Beginner's Guide to Python Programming Language - Part 1

Many tutorials show you how to do something; they hardly ever explain why you do something a certain way. My goal is to teach you why to the best of my ability and through adding in feedback from the community.

Additionally, tutorials often throw everything at you all at once. I plan to go into detail on each topic. You will learn slowly, but by the time you complete each part, I hope I will have been able to teach you more than what you would have learned reading the same content somewhere else.

What This Tutorial Is

This tutorial is designed in a way that you will learn the basics of programming in Python. Many of the things you learn are transferrable to similar languages, but all of the syntaxes are in Python.

What This Tutorial Isn’t

This tutorial will not teach you how to use Python editors, how to make GUI screens, , Jupyter notebooks, data science, or under-the-hood filetypes.

While some of these topics are cool, the scope is way too broad to keep this tutorial short.

The Series Objective

The objective of this entire series isn’t to push out another programmer who barely knows anything; it is to teach new programmers what programming is, to provide the reader with a better understanding, both from a classroom and practical standpoint, of programming in general, and to give new programmers a better understanding of the concepts that will help them through interviews and throughout their career.

This tutorial assumes you know:

  • What a computer is
  • What programs are
  • Enough logic to understand what the answer to 2 + 2 is
  • Enough logic to realize if there is milk in your refrigerator

You can download Python directly from Python.org; however, there are better ways to download Python for your system.

If you are on a Mac install Python using Homebrew:

/usr/bin/ruby -e "$(curl -fsSL https://raw.githubusercontent.com/Homebrew/install/master/install)"

The installer should be run as your user account, not with elevated permissions as it needs your user account to configure permissions correctly

Once installed, type the following command to install Python on your system.

brew install python

This will install the latest version of Python and all of its dependencies on your computer. Run the following command to ensure it installed correctly.

python3 --version

If you are on Windows, you can download the setup program from the website and install it using the default options or you can install it using the chocolatey package manager with the following command.

choco install python

If you are using Ubuntu, you can install the latest version using the following command.

sudo apt install python3

This will install Python 3.6.7 on Ubuntu 18.04, but it should be sufficient enough for this tutorial.

On Centos, you’ll need to install two packages.

sudo yum install epel-release
sudo yum install python36

This will install Python 3.6.3, which again, should be good enough.

On RHEL 7, you’ll need to enable software collections before you can install Python 3.

sudo subscription-manager repos --enable rhel-server-rhscl-7-rpms
sudo yum install rh-python36

On RHEL 8 and Fedora, you can install the Python application stream.
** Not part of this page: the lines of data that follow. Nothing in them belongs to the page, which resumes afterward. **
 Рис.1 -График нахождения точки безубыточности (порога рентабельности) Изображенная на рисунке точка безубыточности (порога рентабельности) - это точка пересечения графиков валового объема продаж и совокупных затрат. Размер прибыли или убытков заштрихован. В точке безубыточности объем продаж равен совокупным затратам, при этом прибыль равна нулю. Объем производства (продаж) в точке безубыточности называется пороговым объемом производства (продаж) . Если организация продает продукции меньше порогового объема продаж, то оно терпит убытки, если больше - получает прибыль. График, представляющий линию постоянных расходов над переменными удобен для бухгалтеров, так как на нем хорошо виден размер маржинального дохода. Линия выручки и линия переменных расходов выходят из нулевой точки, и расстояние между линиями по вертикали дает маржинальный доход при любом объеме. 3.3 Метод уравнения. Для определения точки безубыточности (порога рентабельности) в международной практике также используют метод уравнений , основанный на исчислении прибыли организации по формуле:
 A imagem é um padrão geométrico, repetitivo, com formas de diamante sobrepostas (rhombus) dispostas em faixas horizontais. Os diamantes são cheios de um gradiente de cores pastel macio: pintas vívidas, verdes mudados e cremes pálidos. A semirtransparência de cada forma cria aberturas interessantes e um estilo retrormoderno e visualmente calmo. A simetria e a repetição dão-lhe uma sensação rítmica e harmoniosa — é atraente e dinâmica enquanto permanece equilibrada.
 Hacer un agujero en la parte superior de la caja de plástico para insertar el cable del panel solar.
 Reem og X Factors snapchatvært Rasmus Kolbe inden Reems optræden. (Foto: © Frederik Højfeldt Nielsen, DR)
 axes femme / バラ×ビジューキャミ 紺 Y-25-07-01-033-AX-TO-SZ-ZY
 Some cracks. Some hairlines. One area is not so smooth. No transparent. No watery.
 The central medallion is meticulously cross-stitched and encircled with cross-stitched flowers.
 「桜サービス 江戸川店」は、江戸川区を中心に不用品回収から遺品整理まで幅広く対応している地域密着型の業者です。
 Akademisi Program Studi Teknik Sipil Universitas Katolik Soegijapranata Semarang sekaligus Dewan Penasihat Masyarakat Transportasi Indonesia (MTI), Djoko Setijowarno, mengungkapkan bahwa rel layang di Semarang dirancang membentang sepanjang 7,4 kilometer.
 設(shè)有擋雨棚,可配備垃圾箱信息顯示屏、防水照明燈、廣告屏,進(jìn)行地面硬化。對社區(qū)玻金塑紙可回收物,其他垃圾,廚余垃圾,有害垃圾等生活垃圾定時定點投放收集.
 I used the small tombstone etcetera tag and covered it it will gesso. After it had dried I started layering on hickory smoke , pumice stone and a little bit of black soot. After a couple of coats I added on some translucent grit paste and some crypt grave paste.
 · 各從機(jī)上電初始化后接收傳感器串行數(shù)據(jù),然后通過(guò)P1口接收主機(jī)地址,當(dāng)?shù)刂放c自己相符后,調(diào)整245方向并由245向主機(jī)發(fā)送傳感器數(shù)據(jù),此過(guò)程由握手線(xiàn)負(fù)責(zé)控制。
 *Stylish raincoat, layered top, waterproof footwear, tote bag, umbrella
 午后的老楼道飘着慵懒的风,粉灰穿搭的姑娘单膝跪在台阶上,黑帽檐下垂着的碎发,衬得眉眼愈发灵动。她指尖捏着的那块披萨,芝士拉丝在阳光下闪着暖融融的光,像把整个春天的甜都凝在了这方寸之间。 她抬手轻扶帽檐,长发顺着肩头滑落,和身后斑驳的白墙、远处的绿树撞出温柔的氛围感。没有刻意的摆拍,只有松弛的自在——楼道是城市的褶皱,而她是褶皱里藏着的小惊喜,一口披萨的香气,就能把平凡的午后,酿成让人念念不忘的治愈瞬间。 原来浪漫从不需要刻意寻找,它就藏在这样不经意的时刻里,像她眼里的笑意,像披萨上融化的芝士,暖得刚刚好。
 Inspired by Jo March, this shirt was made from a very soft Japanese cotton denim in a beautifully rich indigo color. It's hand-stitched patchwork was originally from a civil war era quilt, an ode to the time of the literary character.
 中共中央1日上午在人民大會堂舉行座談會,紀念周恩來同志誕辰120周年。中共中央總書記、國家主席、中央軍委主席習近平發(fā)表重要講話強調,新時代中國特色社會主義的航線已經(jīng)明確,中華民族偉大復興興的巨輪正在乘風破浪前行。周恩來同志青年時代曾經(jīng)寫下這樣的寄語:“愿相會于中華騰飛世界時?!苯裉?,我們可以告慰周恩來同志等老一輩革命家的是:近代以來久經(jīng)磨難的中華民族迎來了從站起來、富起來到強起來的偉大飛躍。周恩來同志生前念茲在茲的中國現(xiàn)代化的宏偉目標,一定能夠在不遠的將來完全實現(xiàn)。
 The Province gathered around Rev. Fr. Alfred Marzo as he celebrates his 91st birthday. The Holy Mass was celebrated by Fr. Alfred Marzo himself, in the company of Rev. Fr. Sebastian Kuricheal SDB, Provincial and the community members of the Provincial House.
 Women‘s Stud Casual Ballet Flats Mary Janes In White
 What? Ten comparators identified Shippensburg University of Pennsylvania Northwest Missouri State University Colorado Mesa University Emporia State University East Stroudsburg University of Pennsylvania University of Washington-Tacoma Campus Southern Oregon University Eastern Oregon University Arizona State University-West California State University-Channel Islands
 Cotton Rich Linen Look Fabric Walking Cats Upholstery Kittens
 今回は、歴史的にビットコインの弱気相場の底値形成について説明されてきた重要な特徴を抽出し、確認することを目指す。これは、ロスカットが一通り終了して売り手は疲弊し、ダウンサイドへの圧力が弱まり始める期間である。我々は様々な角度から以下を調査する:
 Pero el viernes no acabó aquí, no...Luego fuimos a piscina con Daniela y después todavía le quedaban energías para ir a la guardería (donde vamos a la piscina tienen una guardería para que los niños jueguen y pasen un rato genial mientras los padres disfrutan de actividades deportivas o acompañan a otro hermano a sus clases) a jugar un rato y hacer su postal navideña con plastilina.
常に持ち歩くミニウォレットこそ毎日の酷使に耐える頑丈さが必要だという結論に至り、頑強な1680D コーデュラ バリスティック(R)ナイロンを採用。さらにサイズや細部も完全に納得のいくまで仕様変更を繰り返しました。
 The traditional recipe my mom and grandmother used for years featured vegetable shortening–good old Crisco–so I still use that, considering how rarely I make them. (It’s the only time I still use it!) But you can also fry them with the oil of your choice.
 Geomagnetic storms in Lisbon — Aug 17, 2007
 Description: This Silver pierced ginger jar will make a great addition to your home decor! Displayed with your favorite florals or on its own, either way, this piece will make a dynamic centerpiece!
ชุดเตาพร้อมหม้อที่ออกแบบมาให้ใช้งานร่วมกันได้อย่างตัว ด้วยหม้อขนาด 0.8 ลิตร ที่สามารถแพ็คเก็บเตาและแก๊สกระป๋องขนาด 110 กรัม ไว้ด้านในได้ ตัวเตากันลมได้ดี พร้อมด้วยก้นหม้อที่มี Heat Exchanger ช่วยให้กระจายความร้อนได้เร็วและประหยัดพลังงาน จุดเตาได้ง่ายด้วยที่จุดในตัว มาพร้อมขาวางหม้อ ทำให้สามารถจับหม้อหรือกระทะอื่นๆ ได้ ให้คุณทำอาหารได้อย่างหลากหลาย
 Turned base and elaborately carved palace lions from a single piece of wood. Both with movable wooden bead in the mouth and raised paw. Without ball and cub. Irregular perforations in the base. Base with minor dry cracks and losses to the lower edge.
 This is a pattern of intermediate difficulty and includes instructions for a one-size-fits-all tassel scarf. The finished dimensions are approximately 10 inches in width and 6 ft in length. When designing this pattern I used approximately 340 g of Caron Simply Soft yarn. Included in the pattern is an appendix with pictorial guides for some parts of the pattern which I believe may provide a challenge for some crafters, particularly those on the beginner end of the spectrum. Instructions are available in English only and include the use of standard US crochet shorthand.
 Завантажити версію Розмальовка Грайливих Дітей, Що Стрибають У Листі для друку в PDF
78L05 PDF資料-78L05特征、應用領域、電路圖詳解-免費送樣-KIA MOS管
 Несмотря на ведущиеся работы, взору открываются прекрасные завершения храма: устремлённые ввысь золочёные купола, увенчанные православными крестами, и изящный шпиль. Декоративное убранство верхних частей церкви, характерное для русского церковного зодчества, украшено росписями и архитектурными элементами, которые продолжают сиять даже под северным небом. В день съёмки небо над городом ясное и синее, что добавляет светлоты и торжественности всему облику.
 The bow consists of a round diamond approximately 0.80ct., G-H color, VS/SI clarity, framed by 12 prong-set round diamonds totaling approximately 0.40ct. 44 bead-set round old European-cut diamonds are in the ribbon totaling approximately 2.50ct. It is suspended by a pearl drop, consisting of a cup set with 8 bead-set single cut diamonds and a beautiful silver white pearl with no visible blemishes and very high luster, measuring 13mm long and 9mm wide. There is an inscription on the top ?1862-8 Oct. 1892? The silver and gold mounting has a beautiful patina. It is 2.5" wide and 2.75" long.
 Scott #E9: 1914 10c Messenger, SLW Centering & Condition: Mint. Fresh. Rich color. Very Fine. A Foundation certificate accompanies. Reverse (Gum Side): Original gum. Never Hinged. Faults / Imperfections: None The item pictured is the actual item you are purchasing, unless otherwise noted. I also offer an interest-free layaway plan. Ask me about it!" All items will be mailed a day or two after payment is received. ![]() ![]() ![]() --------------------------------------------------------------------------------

sudo yum module install python3

You might want to pick up an editor. Visual Studio Code does a great job with Python, but if you want a full-fledged python IDE, I’d suggest JetBrains PyCharm Community Edition. If you go with the latter, start a new project, choose Pure Python as the project type, and select Python 3.x as the Base Interpreter to follow along. Both of these are available for Mac, Windows, and Linux.

A Primer

Your computer has a special place to hold things that are used by programs. It’s called memory, more technically Random Access Memory, or just RAM. Random Access Memory is laid out in blocks, think of Lego blocks; each block can hold so much data. Data is stored in bits or bytes.

8 bits = 1 byte

1024 bytes = 1 Kilobyte (KB)

1024 KB = 1 Megabyte (MB)

1024 MB = 1 Gigabyte (GB), and so on, and so on.

I know your eyes may be watering at this point if you’ve never seen this before, but it’s something you need to understand if you want to learn how to write programs.

We will get into this later on when we talk about types (among other things), but I wanted to talk about this a little before we continue.

Enough with the upfront stuff. Let’s start!

In my Swift series, I immediately started talking about variables. This was easy because it is a compiled language. Python is different as it is an interpreted language. In compiled languages, your code is compiled into machine code for the processor you are using.

Interpreted languages are compiled into byte-code that is later converted into machine code when the program is running. This can lead to optimizations in your code that you’d typically have to think about in other languages. These optimizations make Python relatively easy to pick up.

Variables

Variables in Python are normally instantiated as they are declared. To declare a variable means you create a bucket to store a value, to instantiate means to give the variable some value. Variables store values that can be changed. When writing variables you should use snake_case. This means that words in the variable are separated by underscores ( _ ).

a = 1
name = "Bob"
physics_room_number = "123 B"

Behind the scenes, your computer does a few things when you create a new variable. First, it looks at a and says “Hey, I’m going to need to ask RAM for memory, let’s see how much.” Then it looks at = 1 and says “OK, I need to ask RAM for enough memory to hold the number 1.” It asks RAM for space; if RAM doesn’t see an issue with giving it space, RAM says “Hey I can take it.” and the value is stored in memory.

The same thing happens with other variables.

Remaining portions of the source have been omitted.